*TASK DETAILS*. Retype the data that follows line by line, exactly, and leave its pictures out.

*COLLECTED DATA*.

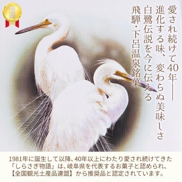 「『飛騨銘菓 しらさぎ物語』は、美しい自然に恵まれた岐阜の名産です。ひと口サイズの20個入りパックで、手軽に味わえるお土産として最適です。甘さ控えめで、しっかりとした食感が特徴のこのお菓子は、誰にでも愛される素朴な風味が魅力です!」
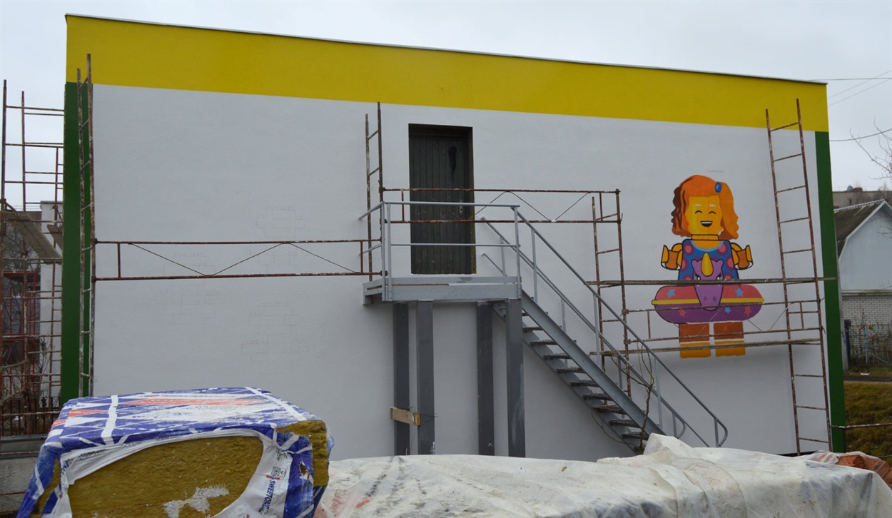 Наразі триває благоустрій території, фарбування та оздоблення фасаду. Садочок прикрашатимуть герої з Лего.
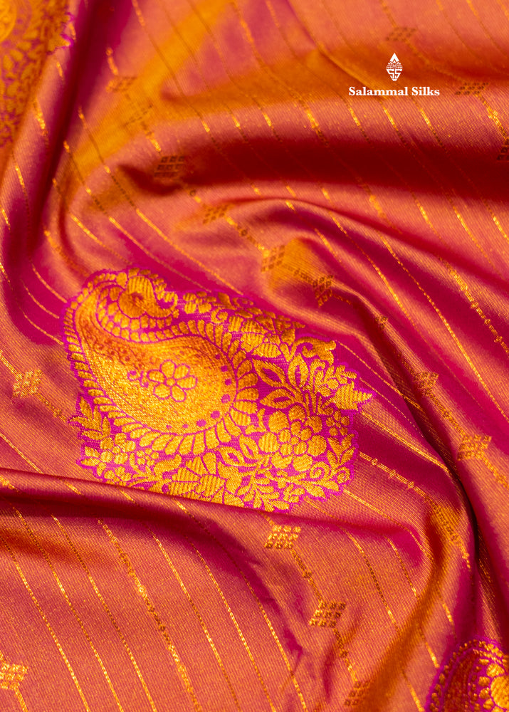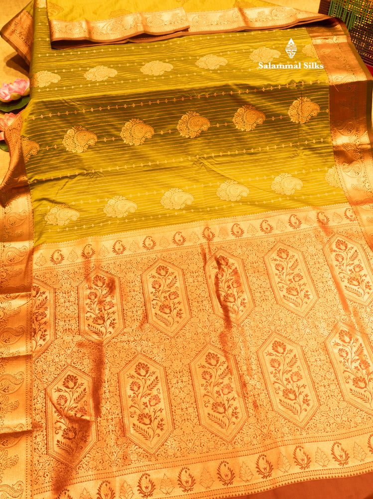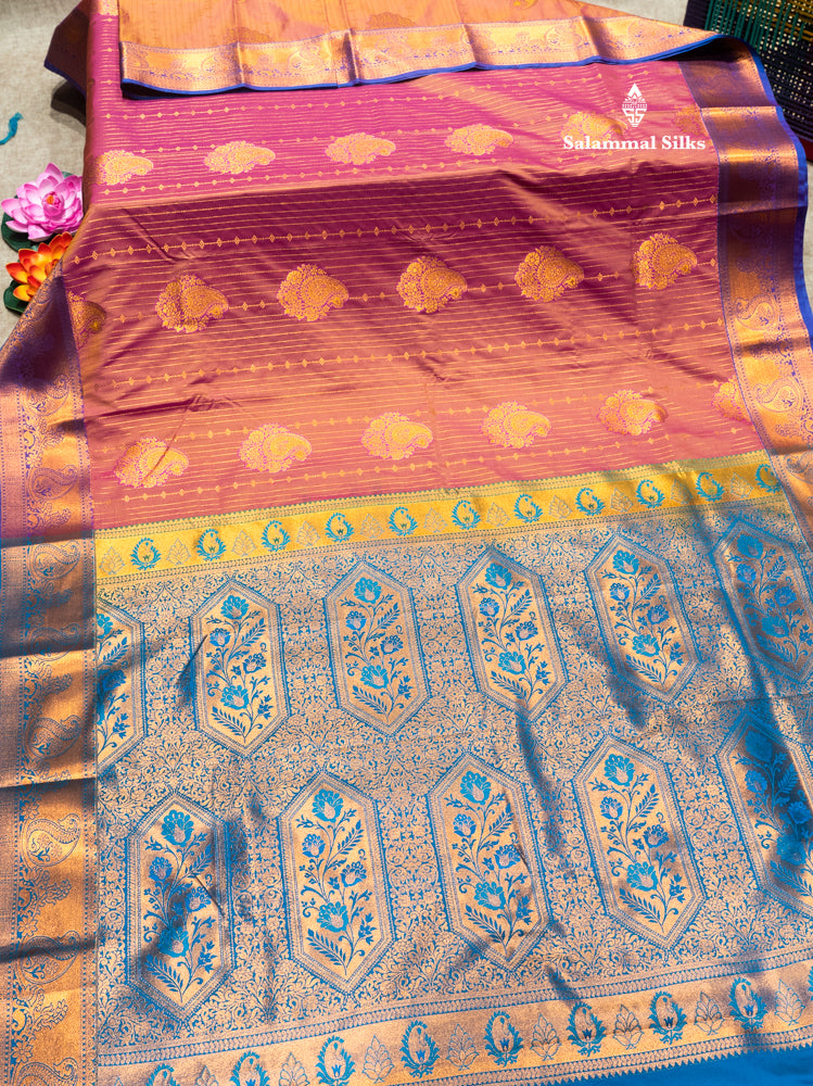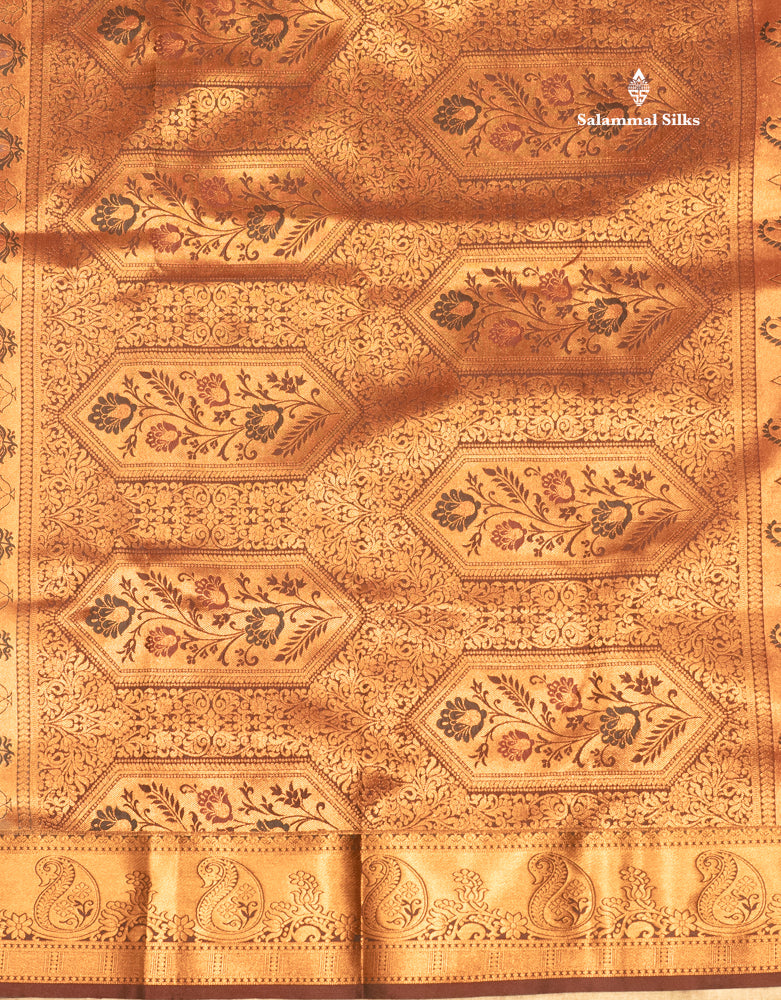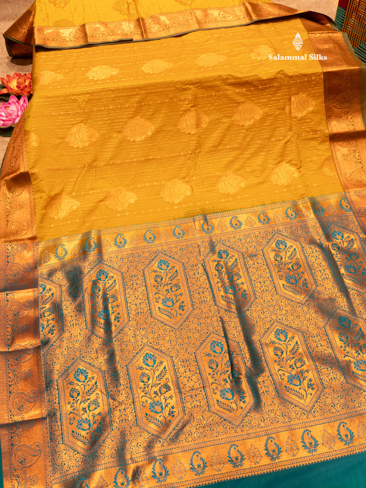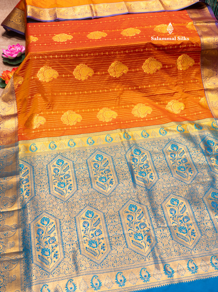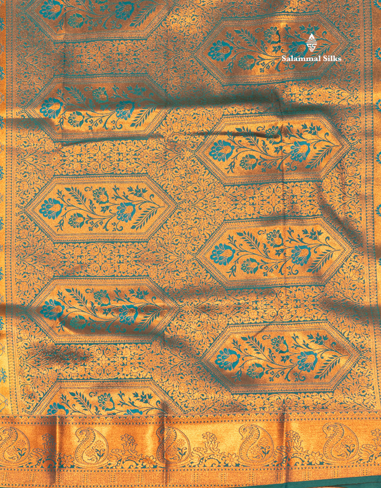 Salammal is known for its handloom sarees. In some sarees, there is cross-weaving between the body and the pallu, which is a sign of pure handloom sarees. This can be seen in Kanchipuram embossed sarees.

*SOLUTION TO THIS EXERCISE*.
 「『飛騨銘菓 しらさぎ物語』は、美しい自然に恵まれた岐阜の名産です。ひと口サイズの20個入りパックで、手軽に味わえるお土産として最適です。甘さ控えめで、しっかりとした食感が特徴のこのお菓子は、誰にでも愛される素朴な風味が魅力です!」
 Наразі триває благоустрій території, фарбування та оздоблення фасаду. Садочок прикрашатимуть герої з Лего.
 Salammal is known for its handloom sarees. In some sarees, there is cross-weaving between the body and the pallu, which is a sign of pure handloom sarees. This can be seen in Kanchipuram embossed sarees.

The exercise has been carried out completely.